1. History. My ancestors were barbarians. From immemorial times, they have killed, plundered, coveted, destroyed and trashed. They have waged wars, endlessly, showing that greed and cruelty are two of mankind’s main assets. So to make sure all this History is retained and passed on, our education system rolls its students in it thoroughly, day after day, year after year, insuring they are properly branded and labeling them psychologically as the descendants of the beasts. We are told to be proud of the blood that stains our path. Never once is a moral judgment made on past actions. It’s all studied in the name of science, as a curiosity, as an ongoing experiment and a collection of dates and heroes – because no matter what they did to mankind, they are all famous. Napoleon, Hitler, Alexander the Great, Columbus, Socrates, Da Vinci, Attila, Custer, what’s the difference? Good, bad, they’re all historical figures, they make a speaker’s eye shine. Not once did a history teacher take a minute to pause the lesson and show us history repeating itself in the form of a present war, some unnecessary greedy killing for oil or money or diamonds, live, somewhere on the planet. Not once were we told that the butchers we are should become farmers. It’s not part of a history class. With only peaceful dates to remember, history teachers would be like a crowd without any sensationalistic newspapers to read. Bored.
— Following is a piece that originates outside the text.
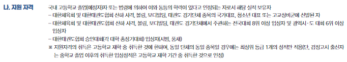 반영비율 : 학생부 교과 30% 수상실적(겨루기, 시범, 품새) 70% 반영

  2. Conformism. My first point leads to the second. History was taught, like every other topic, in carefully arranged classrooms, row after row of perfectly aligned tables and chairs. Every student had the same desk, the same books, in some cases the same uniform, “It is a miracle that curiosity survives the formal education.” Albert Einsteinand uniform behaviour was expected. At the beginning of the year, the entire class would be sent out to buy the same exact supplies, no deviation allowed – type of pencils, color of binders, ruler size, everything was orchestrated to the smallest details, in the name of conformity. Then throughout the year, great efforts were made by the teachers to keep that conformity up. Vincent, can’t you do this like everybody else? Shame! As students we were being slowly trained to become perfect sheep, socially functioning mindless zombies with no desire for individuality, seeking only to belong and melt into the mass, finding approval and recognition from their peers by looking alike. Our society functions on mass control. Everything depends on how easy a population is to manipulate; politics, advertising, entertainment, fashion, retail, pharmacology, they all thrive on their ability to influence an audience via the media, convincing minds and hearts that they must do like everybody else in order to be happy and fulfilled; and all that started on my first day in school.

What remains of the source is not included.